4 entry daha
  • yıllar önce yavaş yavaş deliren erkek arkadaşımdan ayrılmaya çalıştığım bir dönemde yaşadığım an.

    evden erkenden çıktım, staj yaptığım iş yerine gittim, çalıştım, ayrılmak istediğim erkek arkadaşım sürekli beni taciz ediyor, ondan ayrılamayacağımı söylüyor ve tehditler savuruyordu. ben ondan kaçtıkça daha fazla üstüme gelmeye başlamıştı. en sonunda o gün son bir kez görüşelim konuşalım diye çok ısrar etti, ben de yumuşak bir şekilde konuşursam onu ikna edebilirim düşüncesiyle kabul ettim.

    bir arkadaşının evine gittik(hangi akla hizmet bilmiyorum), 5. kattaki balkona geçtik. benim eski olduğunu düşündüğüm ama kendisinin bunu kabul etmediği erkek arkadaşım içmeye başladı. balkon daracık ve yerdeki minderlerde oturuyoruz. çıkış kapısının önünde ise kendisi oturuyor. önce sakin sakin konuştuk ben ikna etmeye çalıştım, o da beni ikna etmeye çalıştı falan. gece ilerledikçe alınan alkolün oranı da yükseldi. psikolojisi baya bir bozuk olan ve o sıralarda sakinleştirici ilaçlar kullanan erkek arkadaşım agresifleşmeye başladı.

    durumun kötüye gittiğini fark edince ayrılmak istedim o ortamdan, izin vermedi. gidemezsin diye tutturdu. ayağa kalktığımda beni balkon demirlerine itti, seni aşağı atarım, buradan kesinlikle ayrılmayacaksın dedi. sadece o ortamdan kurtulmak için tamam barışalım ayrılmayacağız falan dedim ama yemedi, daha çok sinirlendi onu kandırmak istediğim için.

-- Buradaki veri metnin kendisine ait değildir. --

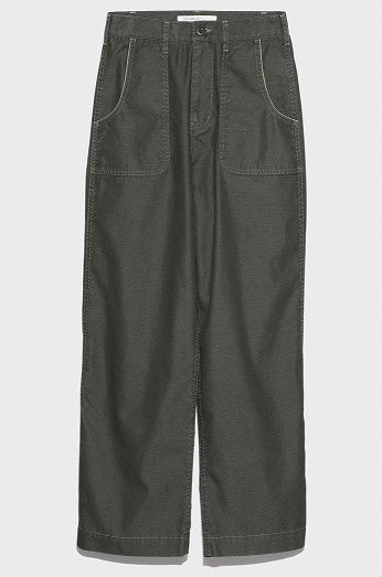 デニムの名産地、岡山県児島の〈ジョンブル〉とコラボレート。オーガニックコットンと再生ポリエステルの交織生地にユーズド加工を施した、大人の女性も履きやすい落ち着いたグリーンのベイカーパンツ。
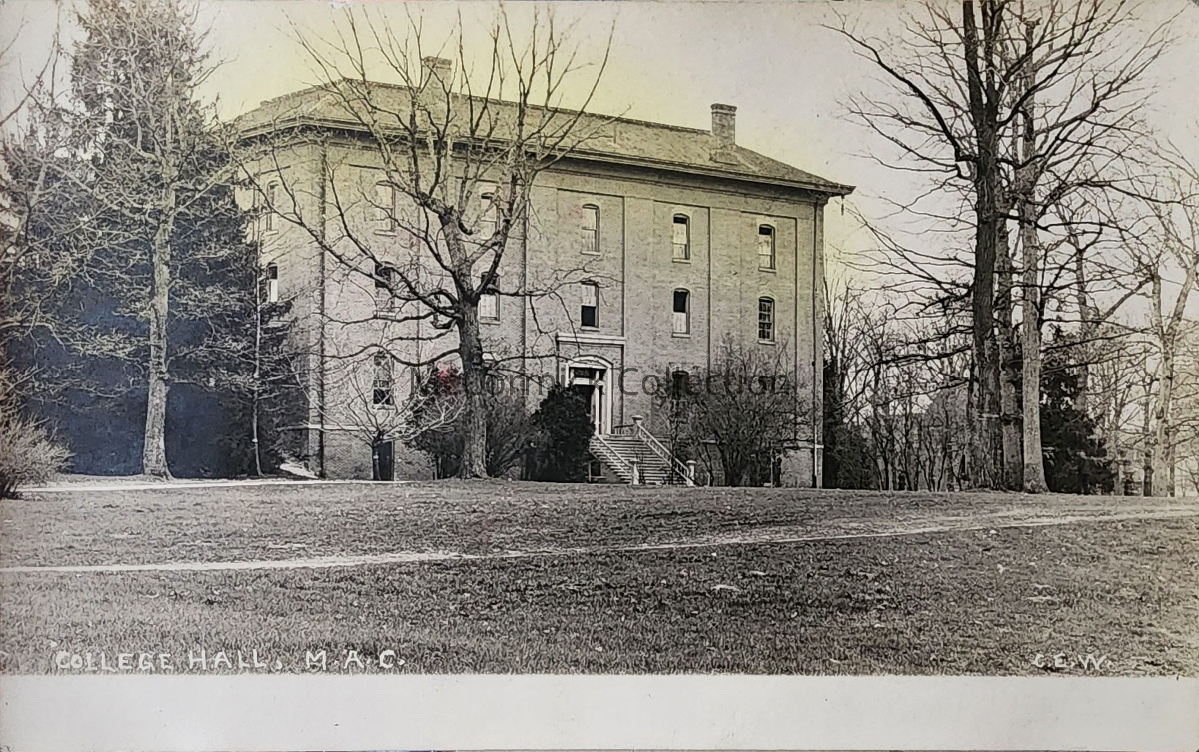 Real photo postcard of College Hall at Michigan Agricultural College. Photo by East Lansing photographer Charles E. Walter, C.E.W.

    o kadar çaresiz kalmıştım ki. ne desem olmuyordu, o ortamdan ayrılamıyordum, sürekli beni ya da kendisini öldüreceğini söylüyordu. bu geceden 1 tek kişi sağ çıkacak diyordu. çok korktum çok. normalde bunu yapacak bir insan değildi ama ilaç ve alkolün etkisiyle kendisi olmaktan epeyce uzaklaştığı için bu söylediklerine inandığını ve gerçekten yapabileceğini düşündüm.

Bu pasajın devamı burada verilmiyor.